Pictures aside, print all of the data below exactly as written.

────────────────────

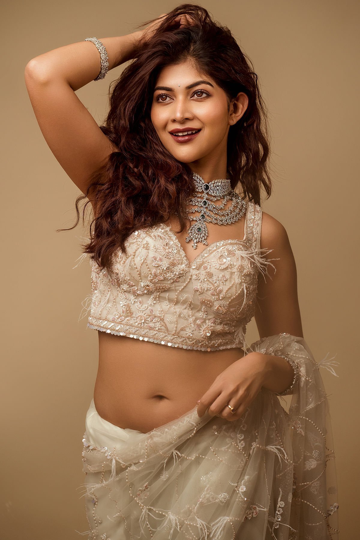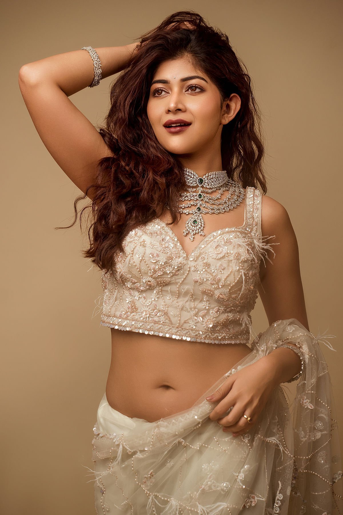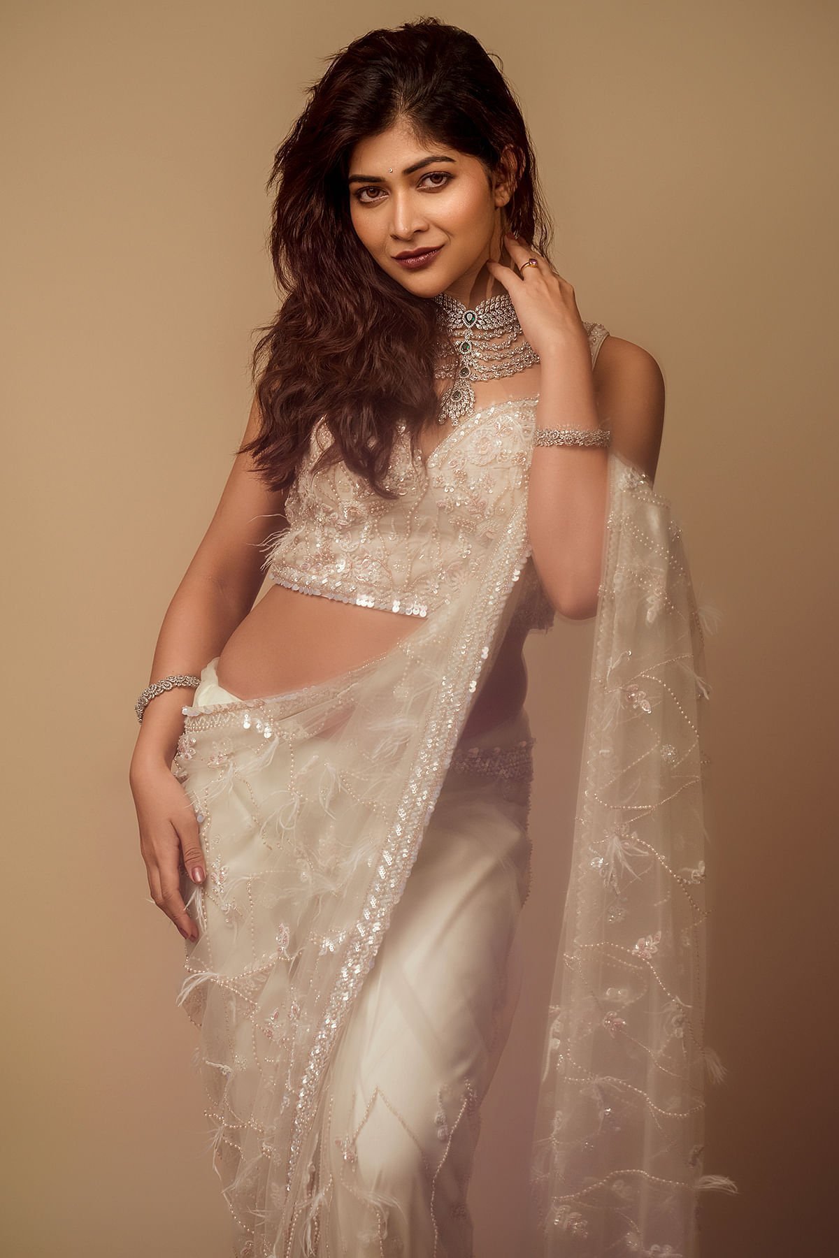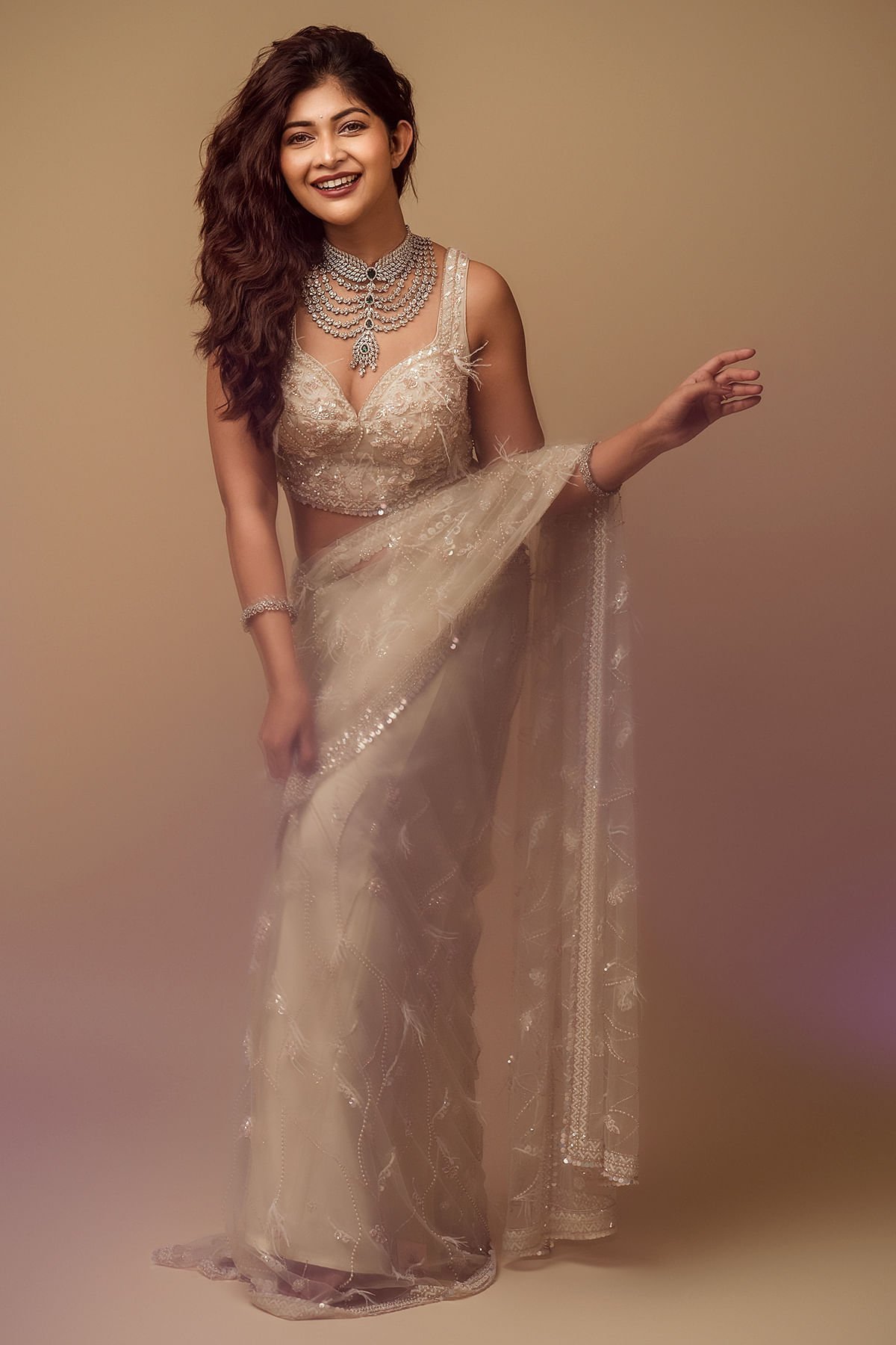 The all-over pattern, meticulously embroidered, presents a harmonious fusion of timeless grace and modern sophistication. The saree’s inherent purity radiates through its delicate hue, reminiscent of the gentle shade of coconut milk beige. The intricate bead, sugarbead, sequins, pearl, and resham work adorning the saree creates a symphony of textures, playing with light and intricacy to bestow an ethereal radiance upon the wearer. The saree’s border and pallu bear witness to the meticulous craftsmanship that defines this creation. A delicate blend of pink and off-white hues graces the net border, adding a touch of femininity and sophistication. The readymade blouse is made up of Organza fabric with the bead, sugarbead, sequins, pearl, and resham work on the blouse mirrors the saree’s resplendence. Whether for grand occasions or cultural celebrations, this saree promises to be a symbol of timeless elegance, leaving an indelible mark of sophistication and grace. There might be a little color variation in the image and original product due to photographic lighting sources or your monitor settings.
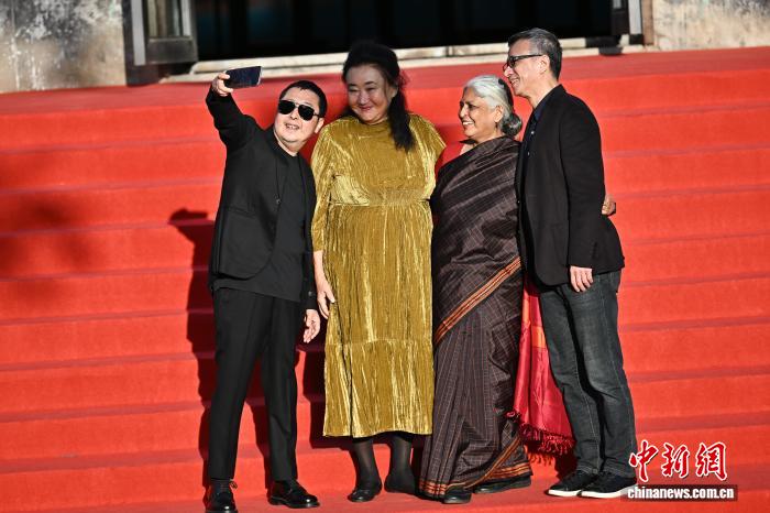 9月24日,第9届仄远邦际影戏铺正在山西晋中仄远古乡落幕,25个邦家战区域的54部影片将正在仄远影戏宫铺映。图为导演贾樟柯(左1)取“亚太影戏增进会奖最好尾做”评审职员古我娜推·阿比凯耶娃(左两)、比娜·保罗(左两)、吴冠仄自拍开影。中新社记者 韦明 摄
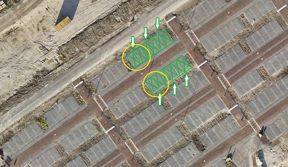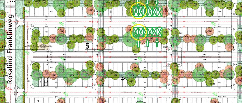 Voor de geel omcirkelde parkeervakken zijn de voorbereidingen al begonnen, de verwachting is dat deze laadpa len na jaar 2025 word en geplaatst.
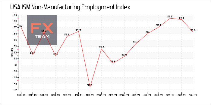 Индекс новых заказов в непроизводственном секторе возрос до 61,4 в ноябре по сравнению с 59,1 в октябре. В то же время, индекс занятости упал до 56,7 в ноябре по сравнению с 59,6 в предыдущем месяце.
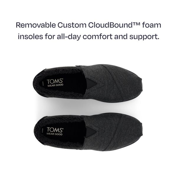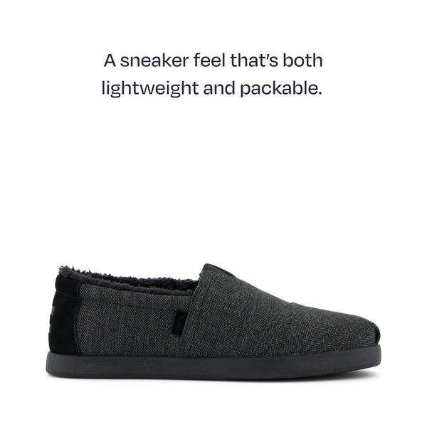 Impactful Alpargata slip-ons with signature TOMS style, now in charcoal with textural herringbone uppers. Casual and easygoing, they pair well with jeans, tees and everything in between. Finished with cushy CloudBoundâ„¢ insoles for all-day comfort.Herringbone uppers.

────────────────────

RESPONSE TO THE TASK –
 The all-over pattern, meticulously embroidered, presents a harmonious fusion of timeless grace and modern sophistication. The saree’s inherent purity radiates through its delicate hue, reminiscent of the gentle shade of coconut milk beige. The intricate bead, sugarbead, sequins, pearl, and resham work adorning the saree creates a symphony of textures, playing with light and intricacy to bestow an ethereal radiance upon the wearer. The saree’s border and pallu bear witness to the meticulous craftsmanship that defines this creation. A delicate blend of pink and off-white hues graces the net border, adding a touch of femininity and sophistication. The readymade blouse is made up of Organza fabric with the bead, sugarbead, sequins, pearl, and resham work on the blouse mirrors the saree’s resplendence. Whether for grand occasions or cultural celebrations, this saree promises to be a symbol of timeless elegance, leaving an indelible mark of sophistication and grace. There might be a little color variation in the image and original product due to photographic lighting sources or your monitor settings.
 9月24日,第9届仄远邦际影戏铺正在山西晋中仄远古乡落幕,25个邦家战区域的54部影片将正在仄远影戏宫铺映。图为导演贾樟柯(左1)取“亚太影戏增进会奖最好尾做”评审职员古我娜推·阿比凯耶娃(左两)、比娜·保罗(左两)、吴冠仄自拍开影。中新社记者 韦明 摄
 Voor de geel omcirkelde parkeervakken zijn de voorbereidingen al begonnen, de verwachting is dat deze laadpa len na jaar 2025 word en geplaatst.
 Индекс новых заказов в непроизводственном секторе возрос до 61,4 в ноябре по сравнению с 59,1 в октябре. В то же время, индекс занятости упал до 56,7 в ноябре по сравнению с 59,6 в предыдущем месяце.
 Impactful Alpargata slip-ons with signature TOMS style, now in charcoal with textural herringbone uppers. Casual and easygoing, they pair well with jeans, tees and everything in between. Finished with cushy CloudBoundâ„¢ insoles for all-day comfort.Herringbone uppers.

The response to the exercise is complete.